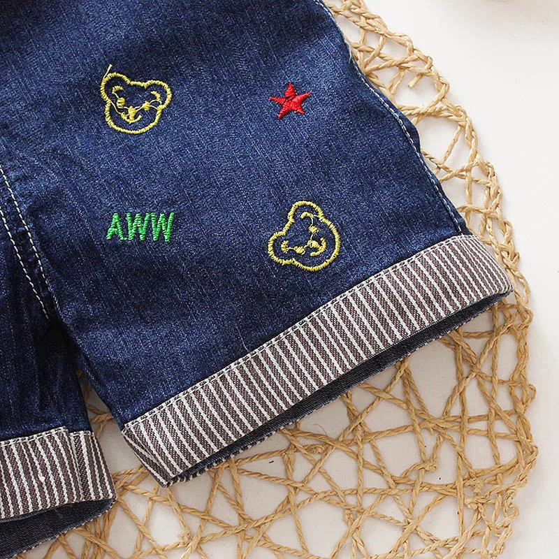Джинсовый комбинезон для мальчиков, тонкий, с мультяшным принтом
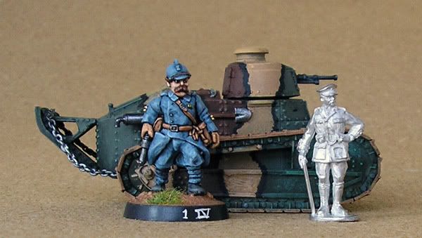 A la izquierda, un oficial de Scarab, más o menos del tamaño de los de Renegade. A la derecha, una miniatura que hizo Richard Ansell para Too Fat Lardies: al ser más pequeño y estilizado, tiene la escala perfecta. La mayoría de fabricantes, como Great War y Brigade Games, están más cerca del primero que del segundo. Aquí tenéis al entrañable Sargento Hartman conduciendo la copia americana del FT-17 para que os hagáis una idea de lo diminuto que es.
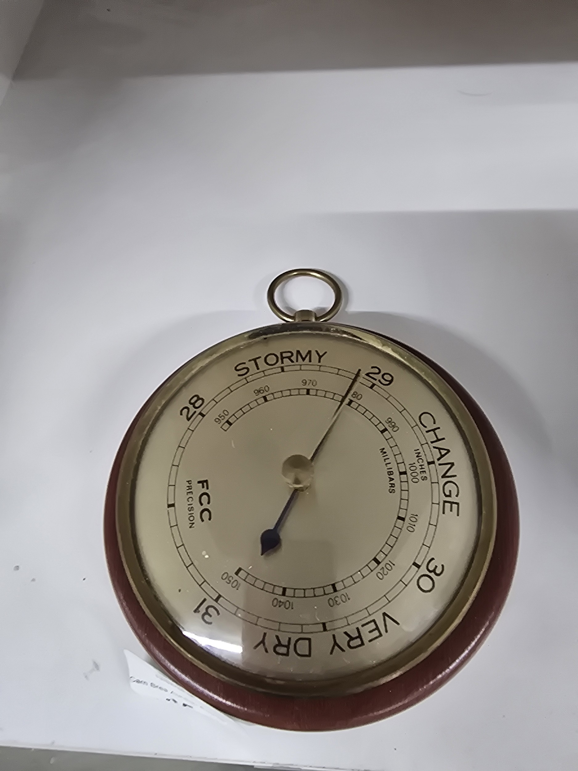FCC Precision Circular Wooden Cased Aneroid Barometer
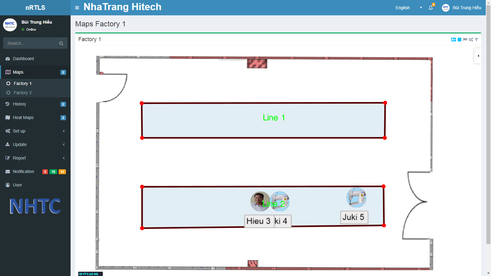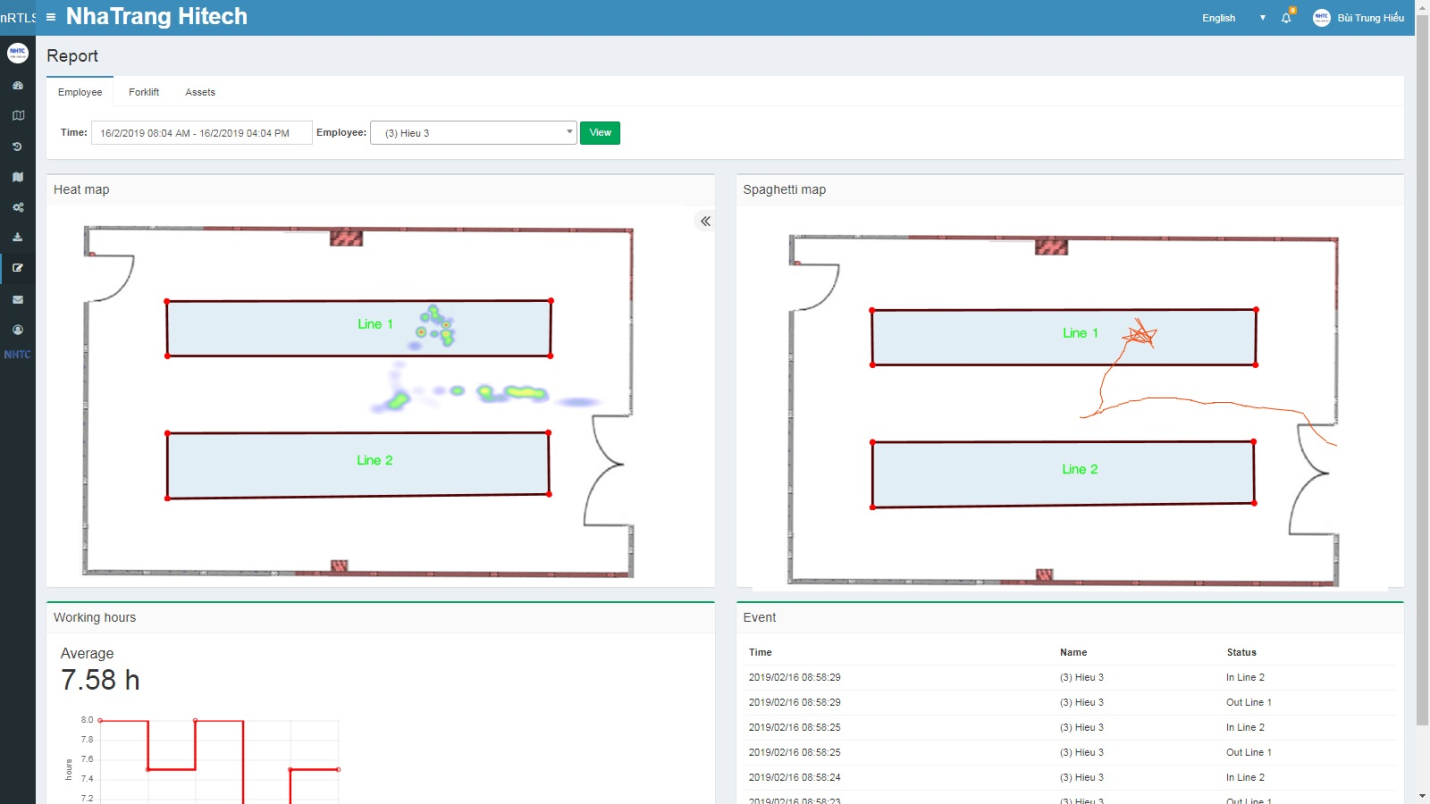 - Realtime location and history location of the worker in the factory in 2D or 3D.
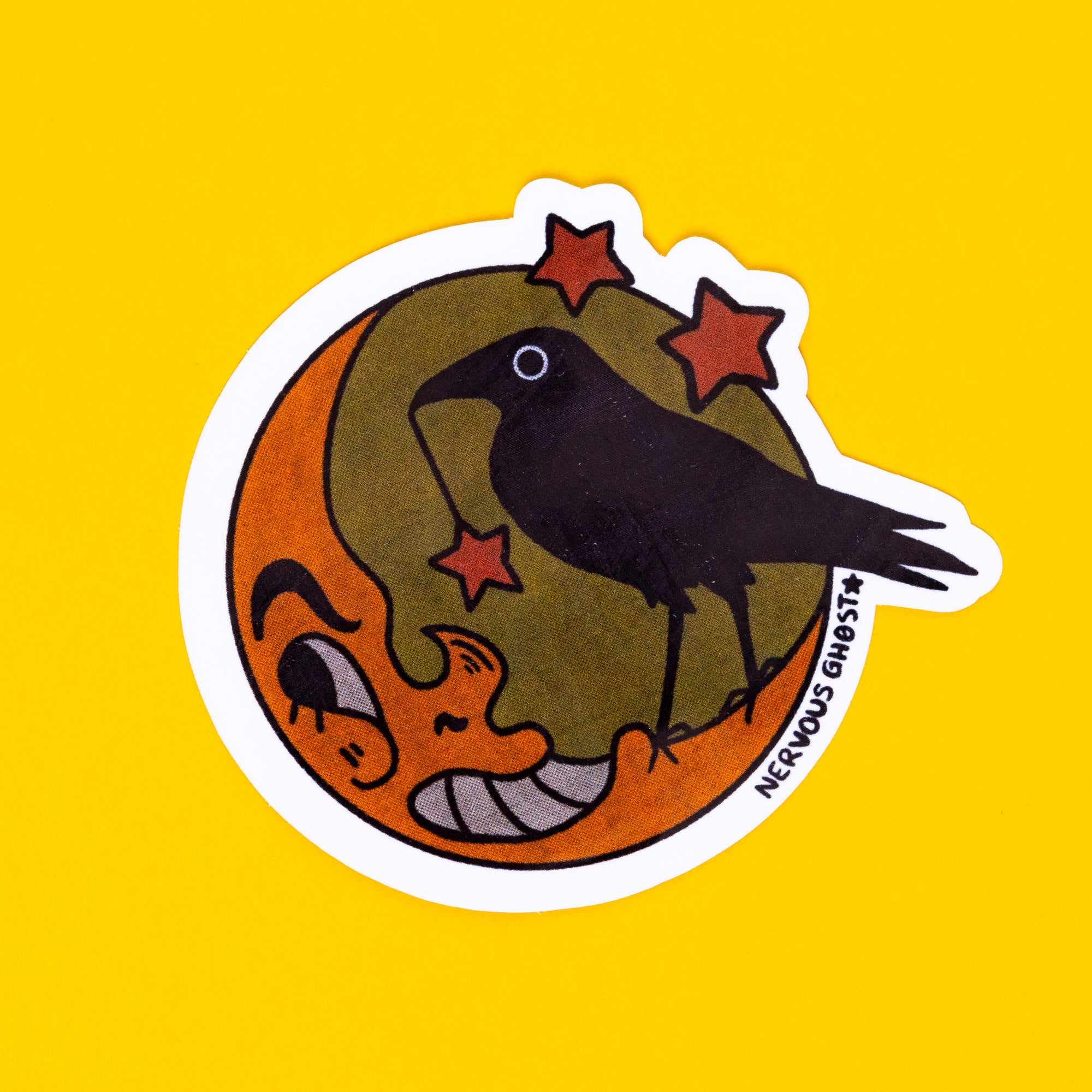 Vinyl sticker - Raven holding a star, perched on top of a cheeky looking moon
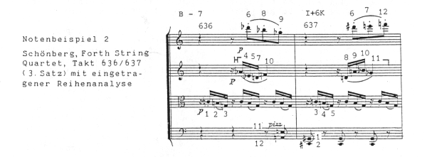 Notenbeispiel 2 Schönberg, Forth String Quartet, Takt 636/637 (3. Satz) mit eingetragener Reihenanalyse
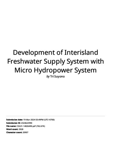 Pranoto, Wati Asriningsih (2023) Development of Interisland Freshwater Supply System with Micro Hydropower System. Civil Engineering and Architecture, 11 (1). ISSN 2332-1091
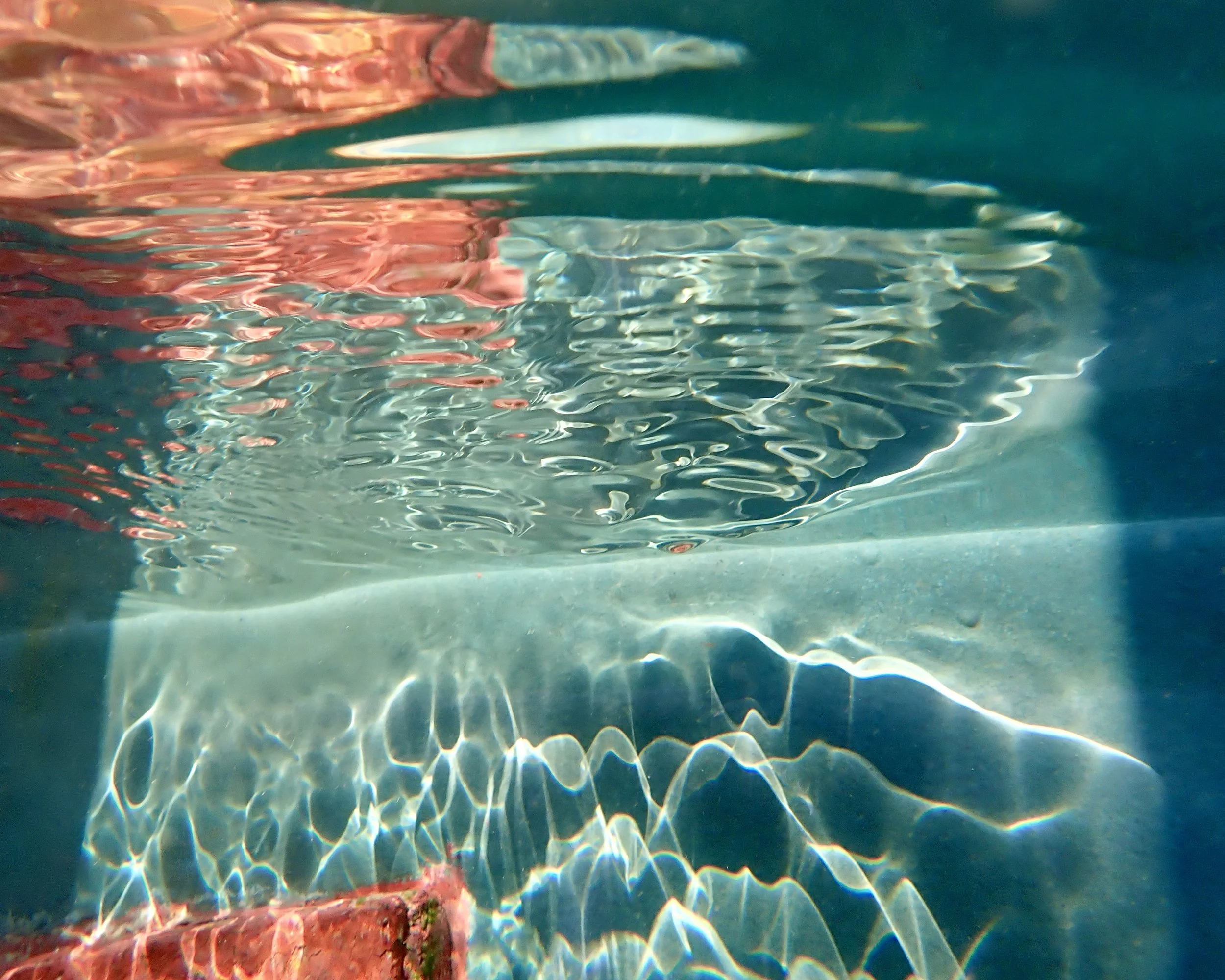 Nicola Miskin said “Swimming in the sea all year round and photographing underwater opened my eyes to a beautiful world. The ever changing sea is a studio of colours, patterns and reflections. The sea brought back my photographic creativity which had laid dormant for many years. In 2018 I was given a third hand battered underwater camera and as soon as I put it under water I saw something very special to photograph. I had to learn to use the camera, whilst being thrown around in the sea to get the shots I wanted. After many underwater cameras (as I swim too much!) and working out how to best use the light and the surface I began to achieve the colourful images that fire my creativity.
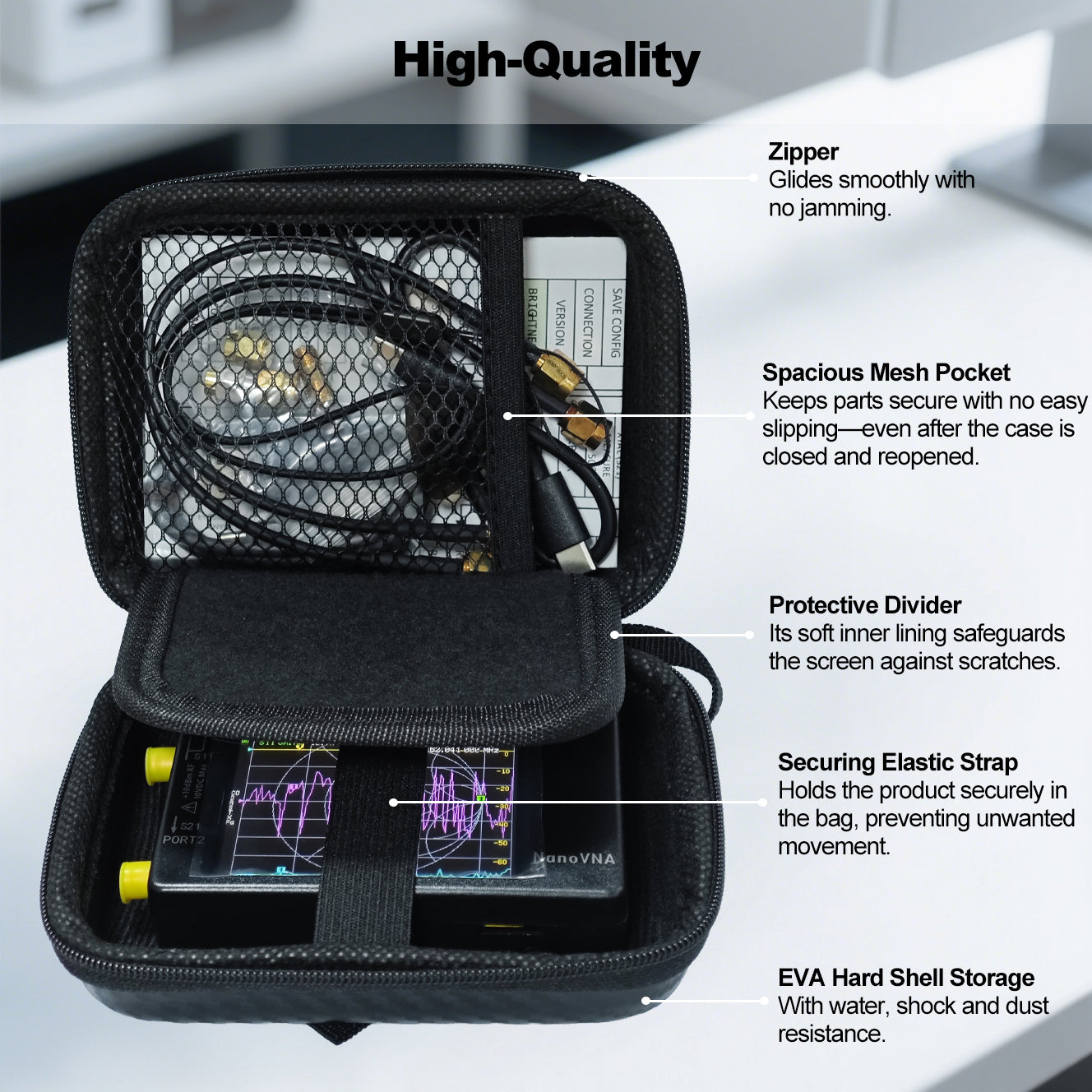 - [Perfect Fit for 2.8 Inch Devices] Exclusively engineered for NanoVNA-H Antenna Analyzer and TinySA Spectrum Analyzer, with a contour-matched foam cradle that locks your device in place. A soft inner lining shields the screen and ports from scratches—no loose shifts during transport
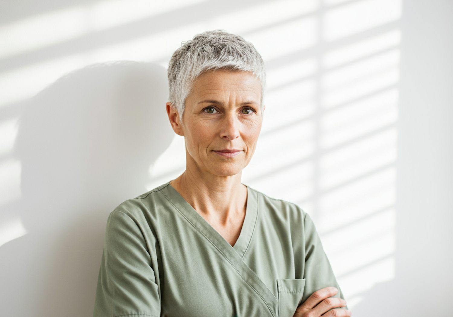 Confident woman in light green scrubs standing against a white wall with striped shadows, exuding professionalism and calmness.
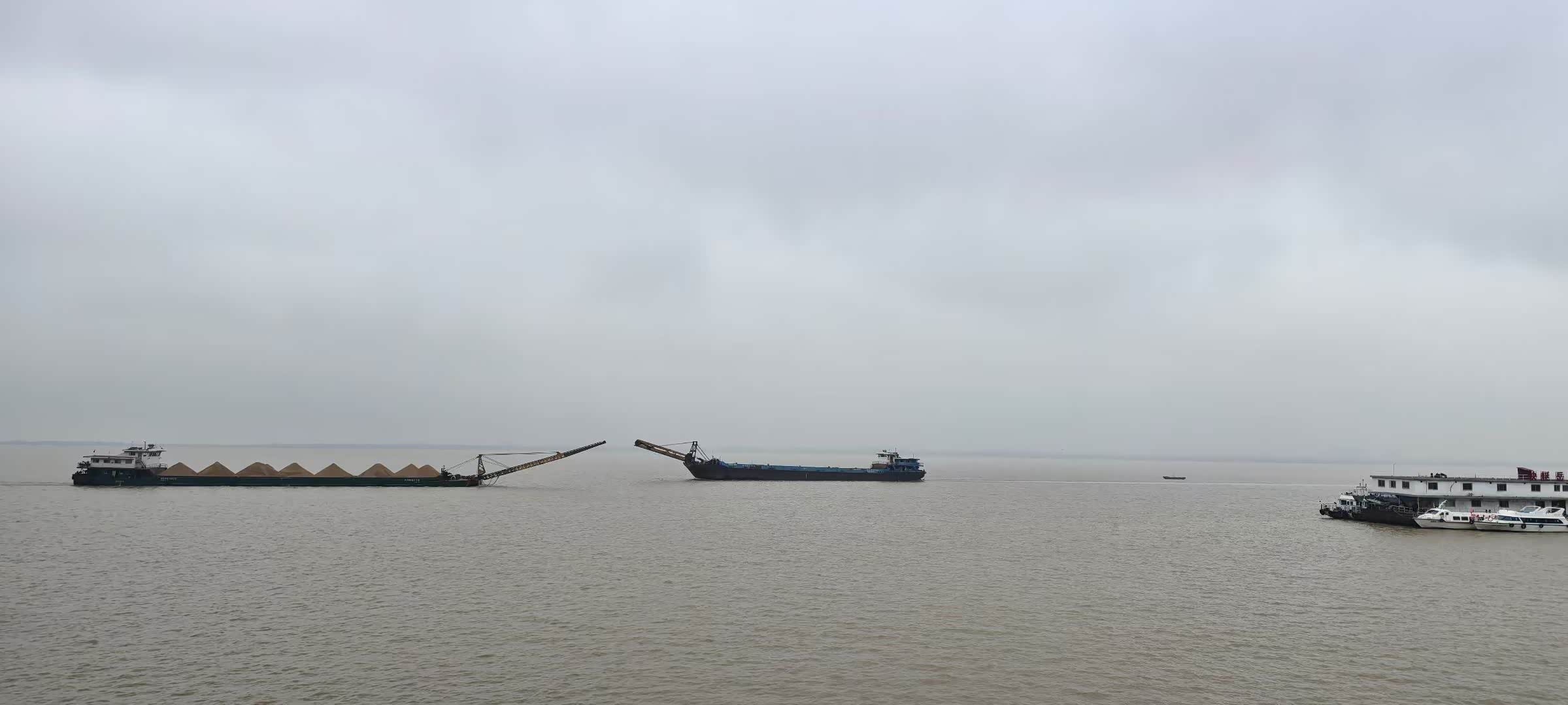 远处的沙船与近处的湖光、天际的云影相映,让这“衔远山,吞长江”的壮阔里,多了几分人间烟火的温情。风里带着湖水的潮气,混着淡淡的泥土气息,许是沙船从湖滩带来的馈赠。
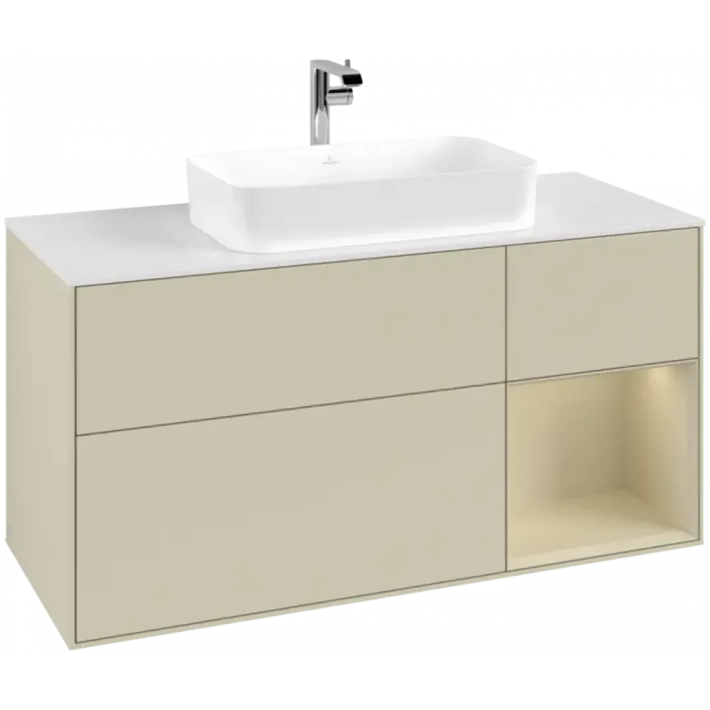 Villeroy & Boch Finion Тумба под раковину, с подсветкой, 3 выдвижных ящика, 1200 x 603 x 501 mm, Silk Grey Matt Lacquer / Silk Grey Matt Lacquer G301HJHJ
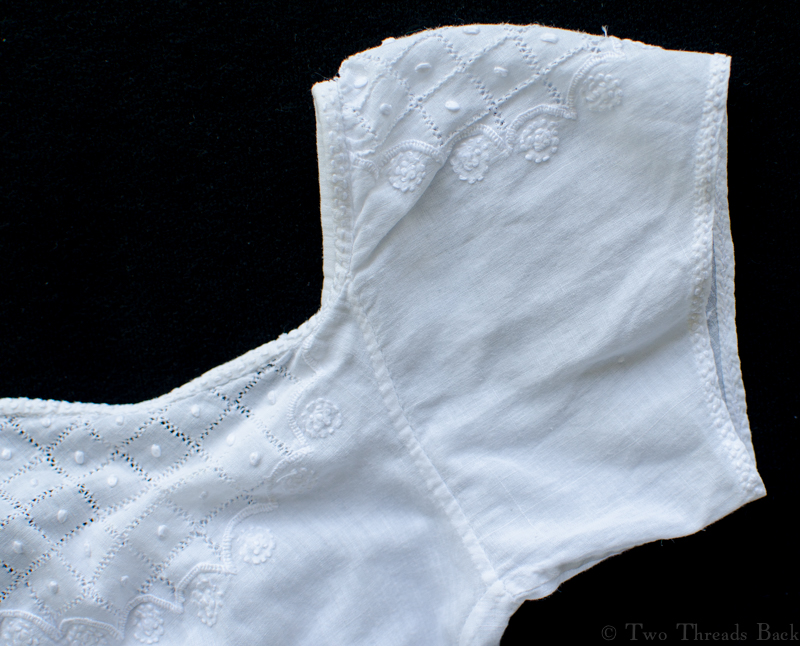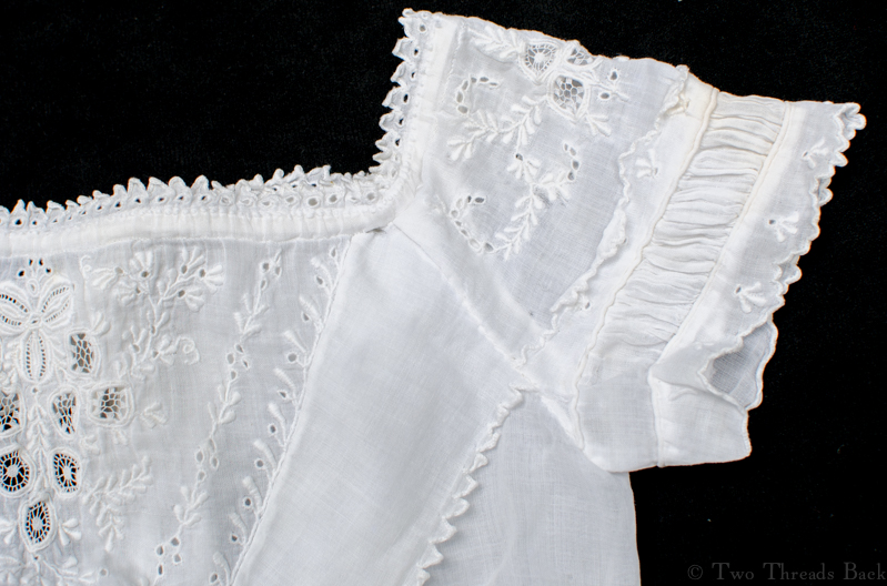 Now for some broderie anglaise! I know it didn’t reach the height of popularity until later, but something about this gown seems to suggest late 20s, early 30s. The sleeves just want to stretch out in that wiiiiide horizontal fashion.

-----

Instructions to follow: Your reply should restate every entry exactly, with the pictures left out.

Written reply:
Джинсовый комбинезон для мальчиков, тонкий, с мультяшным принтом
 A la izquierda, un oficial de Scarab, más o menos del tamaño de los de Renegade. A la derecha, una miniatura que hizo Richard Ansell para Too Fat Lardies: al ser más pequeño y estilizado, tiene la escala perfecta. La mayoría de fabricantes, como Great War y Brigade Games, están más cerca del primero que del segundo. Aquí tenéis al entrañable Sargento Hartman conduciendo la copia americana del FT-17 para que os hagáis una idea de lo diminuto que es.
FCC Precision Circular Wooden Cased Aneroid Barometer
 - Realtime location and history location of the worker in the factory in 2D or 3D.
 Vinyl sticker - Raven holding a star, perched on top of a cheeky looking moon
 Notenbeispiel 2 Schönberg, Forth String Quartet, Takt 636/637 (3. Satz) mit eingetragener Reihenanalyse
 Pranoto, Wati Asriningsih (2023) Development of Interisland Freshwater Supply System with Micro Hydropower System. Civil Engineering and Architecture, 11 (1). ISSN 2332-1091
 Nicola Miskin said “Swimming in the sea all year round and photographing underwater opened my eyes to a beautiful world. The ever changing sea is a studio of colours, patterns and reflections. The sea brought back my photographic creativity which had laid dormant for many years. In 2018 I was given a third hand battered underwater camera and as soon as I put it under water I saw something very special to photograph. I had to learn to use the camera, whilst being thrown around in the sea to get the shots I wanted. After many underwater cameras (as I swim too much!) and working out how to best use the light and the surface I began to achieve the colourful images that fire my creativity.
 - [Perfect Fit for 2.8 Inch Devices] Exclusively engineered for NanoVNA-H Antenna Analyzer and TinySA Spectrum Analyzer, with a contour-matched foam cradle that locks your device in place. A soft inner lining shields the screen and ports from scratches—no loose shifts during transport
 Confident woman in light green scrubs standing against a white wall with striped shadows, exuding professionalism and calmness.
 远处的沙船与近处的湖光、天际的云影相映,让这“衔远山,吞长江”的壮阔里,多了几分人间烟火的温情。风里带着湖水的潮气,混着淡淡的泥土气息,许是沙船从湖滩带来的馈赠。
 Villeroy & Boch Finion Тумба под раковину, с подсветкой, 3 выдвижных ящика, 1200 x 603 x 501 mm, Silk Grey Matt Lacquer / Silk Grey Matt Lacquer G301HJHJ
 Now for some broderie anglaise! I know it didn’t reach the height of popularity until later, but something about this gown seems to suggest late 20s, early 30s. The sleeves just want to stretch out in that wiiiiide horizontal fashion.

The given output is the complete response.